Police said the right-wing extremist had received 200 to 300 letters since he was jailed after the deadly killing spree.
“He’s having the letters delivered to him once we’re gone through them,” police lawyer Christian Hatlo told broadcaster TV2.
Breivik has received two batches of letters since the recent loosening of restrictions on his contact with the outside world.
The letters include a number of bills, TV2 reports, but the broadcaster also learned that the perpetrator of the July massacre had begun reading through the many love letters and hate mail he has received from Norway and abroad.
Postal and visitation restrictions mean the police are authorized to examine his letters in advance and remove any that may be deemed harmful to the ongoing investigation.
But while much of the correspondence is of a threatening nature, Brevik also has his share of romantic admirers, as well as would-be pen friends offering religious redemption, TV2 reports.
Starting on Monday, Breivik will also be permitted to watch television, listen to the radio, and read newspapers.
Breivik is expected to be sentenced to psychiatric care after prosecutors last week declared him criminally insane.
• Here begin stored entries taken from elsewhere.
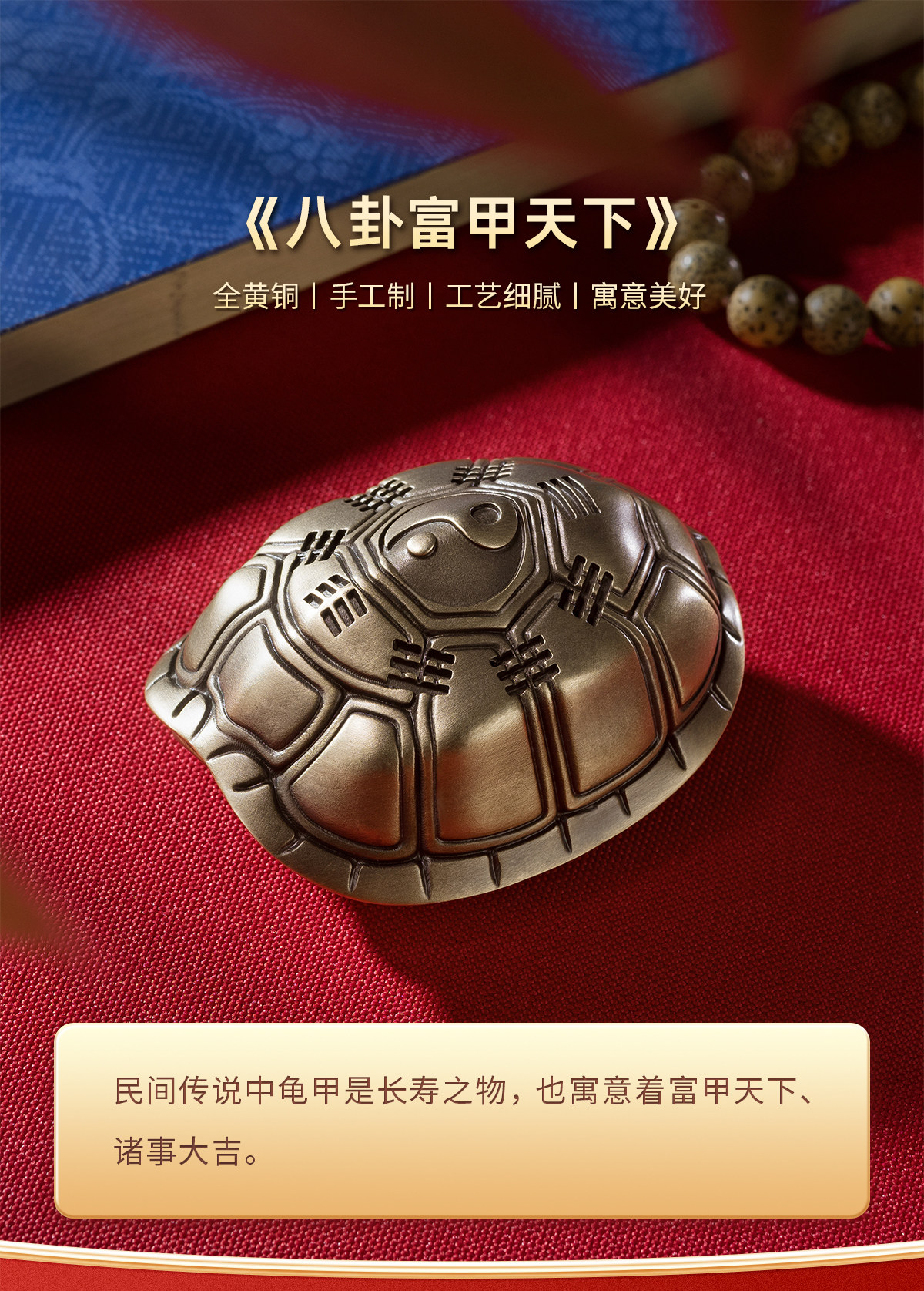 铜师傅《八卦富甲天下》客厅龟壳铜摆件 家居装饰把玩手把件
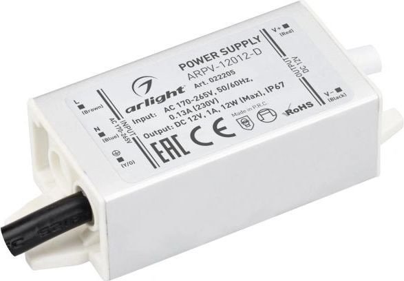 Блок питания Arlight ARPV-12012-D обеспечивает стабильное питание устройств с выходным напряжением 12 В и мощностью 12 Вт. Он оснащён защитным кожухом из пластика, что защищает от пыли и влаги благодаря степени IP67. Устройство подключают через проводной разъем, что обеспечивает надежное соединение. Блок удобно устанавливается благодаря компактным размерам: длиной 80 мм, шириной 30 мм и высотой 20 мм. Он подходит для использования в условиях, где важна защита от окружающей среды. Блок работает при входном напряжении от 170 до 265 В, что делает его универсальным. Встроенная защита помогает сохранить устройство в случае кратковременных перегрузок. Малый вес и компактные размеры позволяют легко размещать его в ограниченных пространствах. Это решение подходит для различных световых, охранных или автоматических систем. Благодаря простоте подключения и надежности, он долго сохраняет работоспособность.
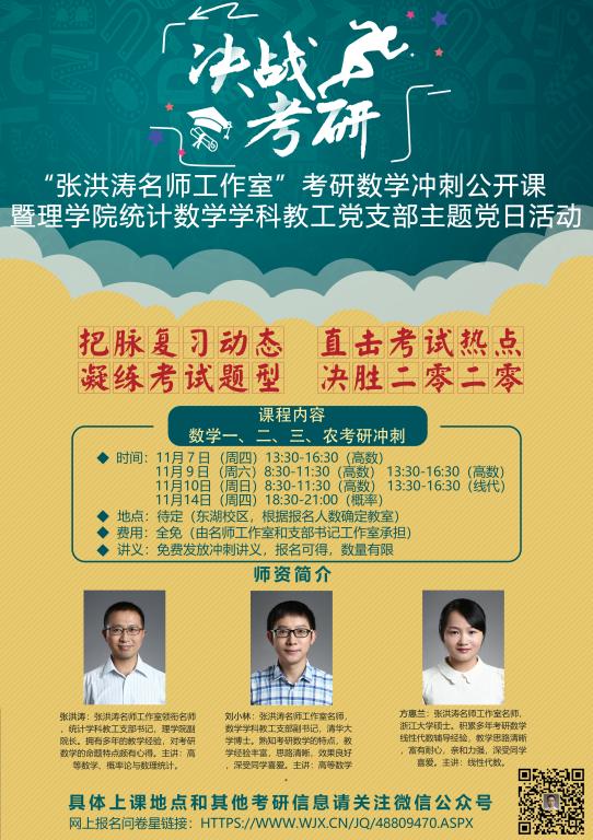 為了更好地服務我校考研同學,不忘教書育人初心,張洪濤名師工作室特傾力打造2020考研數學沖刺公開課程。課程將歷時3天:11月7日(周四)下午、11月9、10日(周六、周日)全天、11月14日(周四)晚上(詳情見海報),由理學院教師張洪濤、劉小林、方惠蘭共同授課。
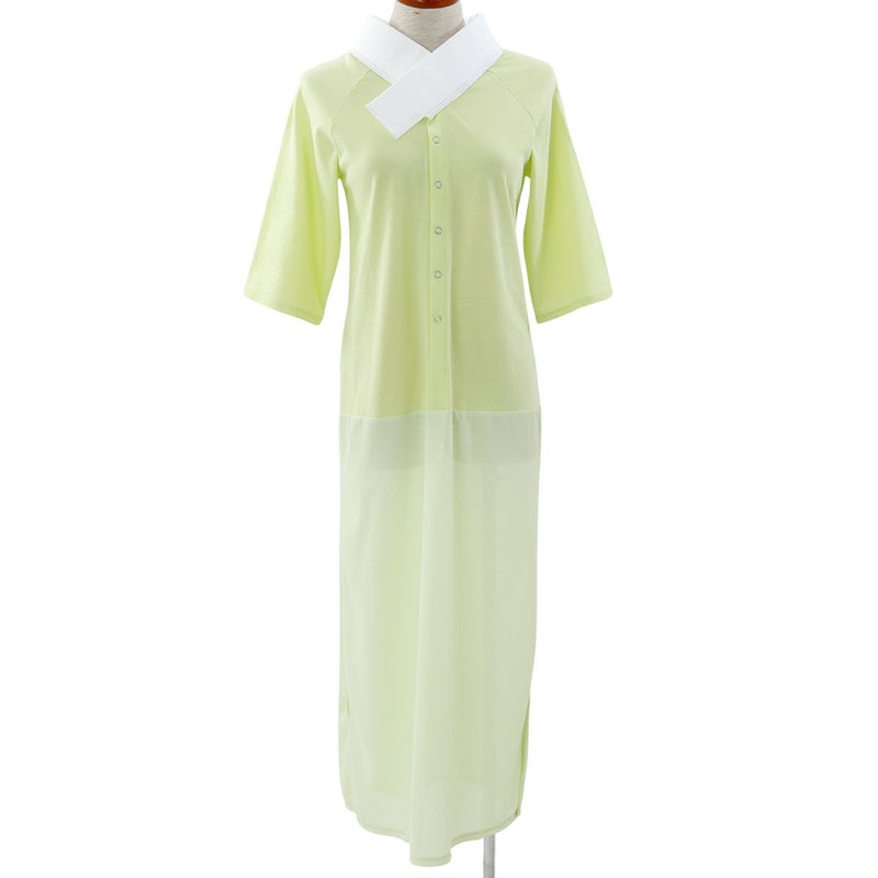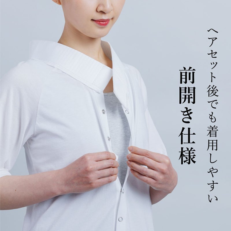フロントにスナップボタンを付けた前開き仕様。ヘアセットやメイクをした後での着替えがしやすく、メイクで半衿が汚れる心配もありません。
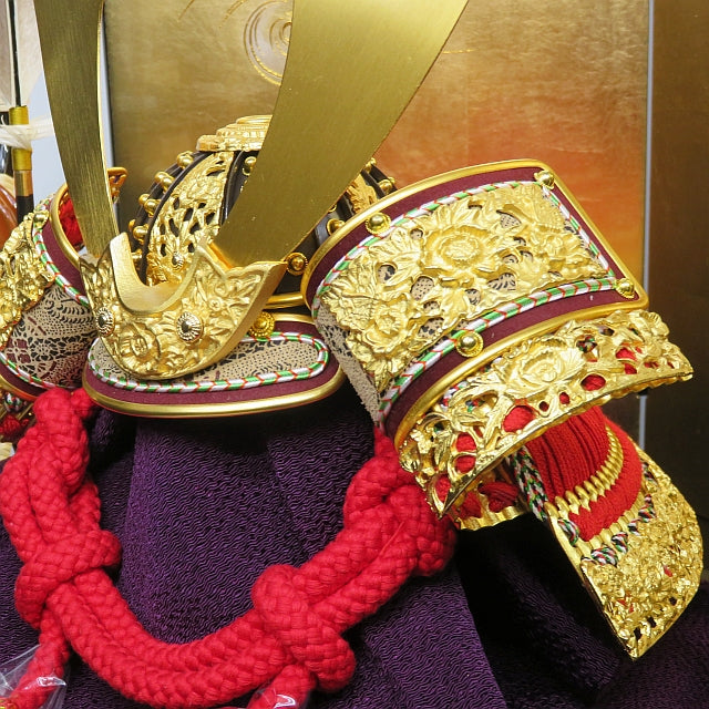 純金箔押大鍬兜 10号 正絹赤糸縅 会津塗双龍収納飾
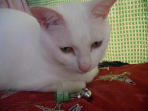 昨日はたくさんの励ましの言葉、ありがとうございました。彼と私の気持ちはまだすれ違ったまま・・。時間をかけて、話していこうと思います。今日も爽やかで良いお天気です。彼と二人で湯布院にお出かけするつもりでした。でも夜中にチビの大運動会で二人とも目が覚めてしまい、寝たのは朝方。彼はたぶん、午後にならないとおきれないから、中止かな。落ち込んだ私を励まそうと、彼から誘ってくれたのに・・。もう~、チビのバカバカ!昨日、夕方、彼の髪を切り、その後テレビを見てたときの事。半纏の上で寝ていたチビがいないので、何気なくサークルの方を見ると・・。チビが座り込んでこちらを見てました。チビの隣には、なにやら怪しげなものが『コロン』と・・。ウンチでもしてしまったのかと思ってそばに駆け寄ると、なんと大きな毛玉!いつも、抜けた毛はウンチと一緒に出してました。毛の生え変わりの時期で、大量の毛が体の中にたまり、吐いてしまったようです。毛玉を吐いたのは今回が初めてです。毛玉のほかに胃液も点々と、吐いてました。チビも少しぐったりして、リビングのカーペットの上で休んでました。毛玉と胃液の掃除をしてリビングに戻ると、ニャーニャー鳴きながら甘えてきます。少し元気になったかな。ネズミのおもちゃを見せると、目をクリクリさせて『早く投げてニャン』と♪これだけ元気に遊べれば、大丈夫ね。遊んだ後、ご飯もしっかり食べてました。 チビと暮らし始めて3年9ヶ月。初めて毛玉を吐いたチビを見て、少しビックリさせられました。チビ、ほら、見て見て~♪『あっ、ネズちゃんだニャン』 チビ、おなかの肉が邪魔してるんじゃない?『ニャ・・手が届かないニャ~』『ママ、早くネズちゃん、投げて欲しいニャン』 事情により、楽天会員以外の書き込みを停止しています。楽天以外の方はこちらの掲示板をご利用ください。日記の右側にスクロールバーがついていますスライドさせながら日記を読んでくださいね♪ブログランキングに参加していますチビをポチッとクリックして 応援よろしくお願いします☆
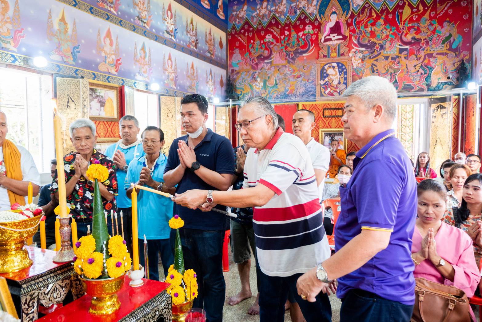 นครนายก - วัดธรรมปัญญา สวดพุทธาภิเษก , สวดเสริมดวง เสริมทรัพย์ เสริมสิริมงคล หน้าที่การงาน นั่งปรก 5 รูป
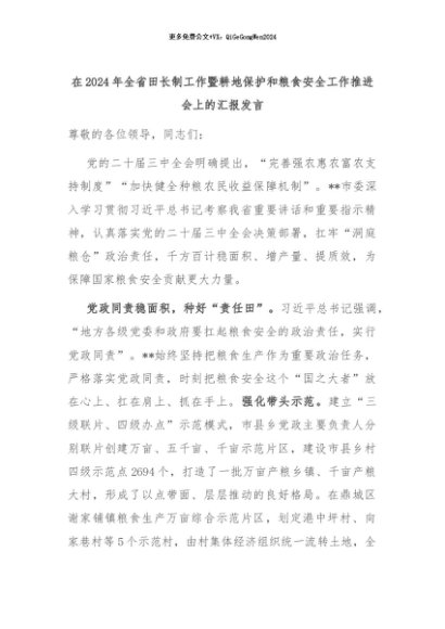 【七哥公文】2024年:在2024年全省田长制工作暨耕地保护和粮食安全工作推进会上的汇报发言+更多免费公文+VX:QiGeGongWen2024
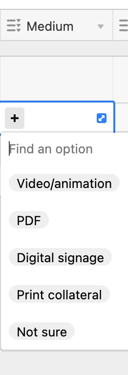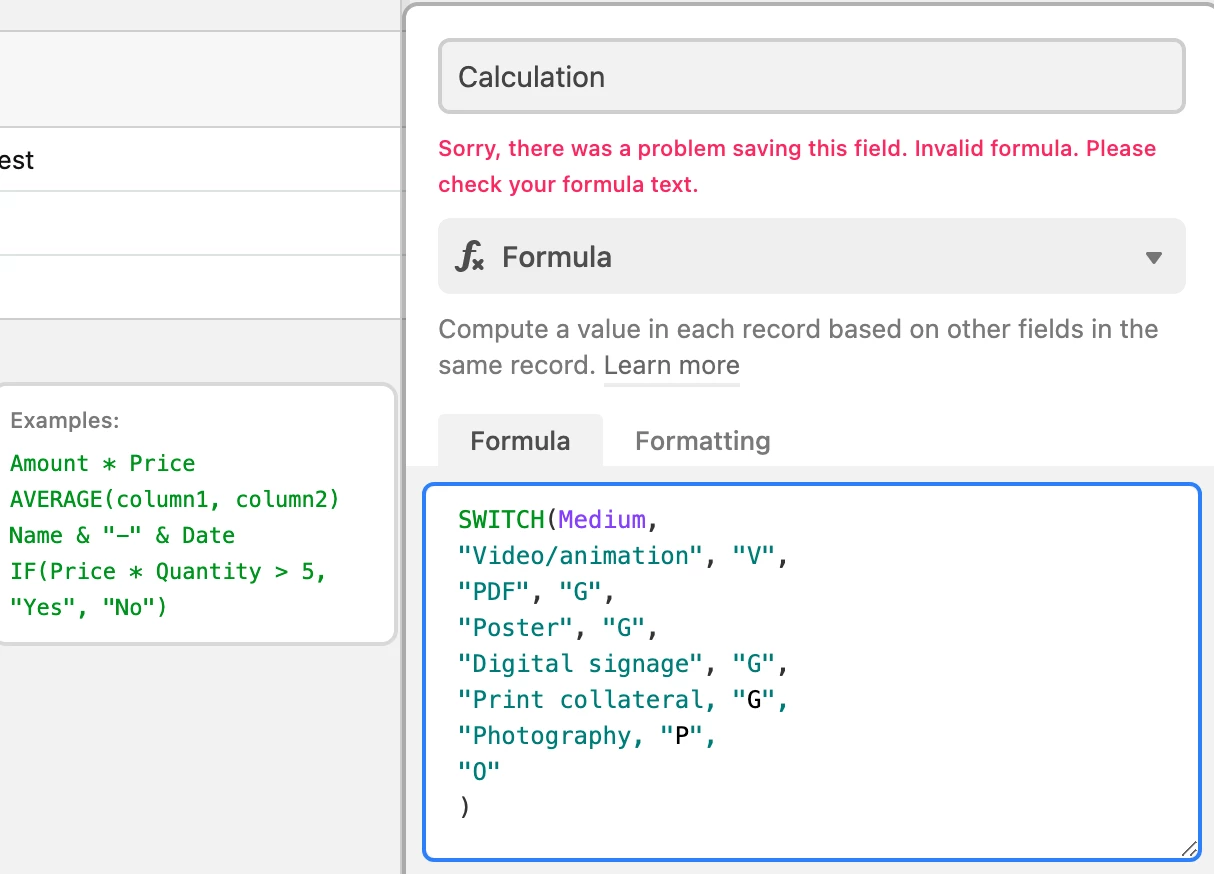 In my Airtable, I have a multiple select field where you can choose different available mediums. (Video, animation, poster, pdfs etc). And I want to create another column that automatically changes depending on what is selected. If video or animation is selected, a V would appear in the column next to it. If a “poster or PDF” is chosen a G would appear.
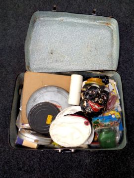 A twentieth century luggage case containing film reels, splicer, toys, paper ephemera etc
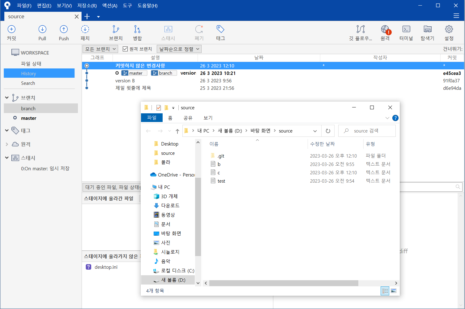 병합 기준(master)이 되는 곳에 헤드가 위치하도록 합니다.
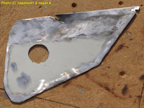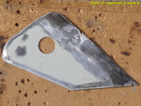 パッチ鉄板の現物あわせデザインができたので、ハンダが付く部分を研磨して鉄肌を露出します。
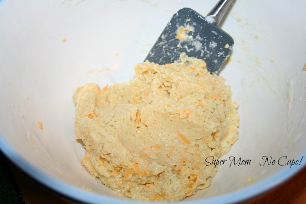 Add ½ c of grated cheese. Mix gently to incorporate the cheese. A fairly sticky ball of dough will form that should look something like this:
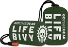 Polyethylene Imported Ultimate Survival Companion: The Go Time Gear Life Bivy Sack is an indispensable component of your survival kit, ideal for your go bag or survival bag. Utilize it as an emergency sleeping bag for survival shelter or a waterproof bivy when camping, hiking, or facing unexpected winter weather Built For Endurance: Our emergency sleeping bags for survival are crafted from military-grade, tear-proof PET Mylar, making it windproof and waterproof. This life bivy emergency sleeping bag is designed to reflect 90% of your body heat, it is an essential survival sleeping bag for all seasons, ensuring warmth and protection during winter emergencies Stay Safe And Warm: In need of an emergency shelter? Our survival bivy is your reliable choice. It shields you from rain, wind, and snow, and can be used as a liner in your bivvy sleeping bag for additional warmth during cold winter nights, making it vital survival gear and supplies Compact And Powerful: Weighing just 4.1 oz, this thermal sleeping bag bivy is remarkably compact. This emergency bivy sack fits neatly into a 4" x 3" stuff sack and includes a 120-decibel whistle, ideal for signaling rescuers up to a mile away during emergencies, making it a valuable addition to your go bag emergency backpack Trusted Go Time Gear: Our camping bivy sacks are designed for those in need of reliable zombie survival gear. Whether prepping a car emergency bag, life tent for hiking, or a bug out bag, our bivy gear ensures you are covered. Our emergency blankets for survival are designed in the USA Product Description The video showcases the product in use. The video guides you through product setup. The video compares multiple products. The video shows the product being unpacked. Paracord Drawstring & Sack Every Life Bivy comes packed in a 4x3in (10.16 x 7.62cm) stuff sack. Use the paracord drawstring to start fires, or repair gear Engineered for Warmth The Go Time Gear Life Bivy is made from PET mylar with a reflective interior that sends 90% of your body heat back to you. 120 Decibel Survival Whistle The drawstring features a detachable survival whistle capable of reaching 120 decibels to alert rescuers up to a full mile away. Repair Gear & Start Fire Use the threads inside the drawstring can be used to repair gear or as kindling to help start a fire. Add to Cart Add to Cart Add to Cart Add to Cart Add to Cart Customer Reviews 4.6 out of 5 stars 11,297 4.6 out of 5 stars 4,996 4.7 out of 5 stars 275 4.7 out of 5 stars 55 4.7 out of 5 stars 211 Price $19.95 $ 19 . 95 $19.95 $ 19 . 95 $15.99 $ 15 . 99 $17.99 $ 17 . 99 $14.49 $ 14 . 49 Size 7.8 ft x 4.8 ft 3 ft x 7 ft 57 in x 40 in 40 in x 40 in 63 in x 83 in Weight 0.50lbs (8.7oz) 0.25lbs (4.1oz) 0.18lbs (3oz) 1.15lbs (18oz) 0.14lbs (2.2oz) Material PET Mylar PET Mylar PET Mylar Fiberglass PET Mylar Waterproof ✔ ✔ ✔ ✘ ✔ Windproof ✔ ✔ ✔ ✘ ✔ Survival Whistle ✔ ✔ ✔ ✘ ✘ Bundles With Life Tent, Emergency Blankets Life Tent N/A N/A Life Tent Multi-pack Options 1pk, 2pk, 4pk 1pk, 2pk, 4pk N/A N/A 4pk, 12pk
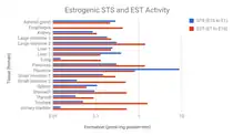 On the other hand, it has been suggested by some authors that the high levels of estrone and/or estrone conjugates with oral estradiol may result in excessive estradiol levels in certain tissues such as the breasts and endometrium, due to high expression in these tissues of the requisite enzymes (17β-HSDs and STS) necessary to transform these metabolites back into estradiol.[94][91][111][112] In accordance, circulating levels of estrone sulfate have been found to be positively associated with breast density in postmenopausal women treated with oral estradiol, with 1.3% higher breast density observed for every 1 ng/mL greater level of estrone sulfate.[113][114] Similarly, levels of estradiol, estrone, and estrone sulfate are all strongly associated with the risk of breast cancer in women.[113] Preclinical studies have shown that estrone sulfate, via local transformation into estradiol, stimulates the growth of mammary cancer cells.[115][116]

A report submitted by expert psychologists found that Breivik suffered from paranoid schizophrenia.
The controversial findings have divided opinion. Writing in newspaper Dagens Nyheter on Wednesday, Swedish professor of psychiatry Johan Cullberg described the report as “objectionable, unprofessional, and lacking in imagination.”
Breivik’s dual attacks primarily targeted Norway’s Labour Party, a group he said promoted the multiculturalism he despised.
A car bomb outside government buildings in Oslo killed eight people before Breivik gunned down a further 69 on the nearby island of Utøya, where members of the Labour Party’s youth wing were attending a summer camp.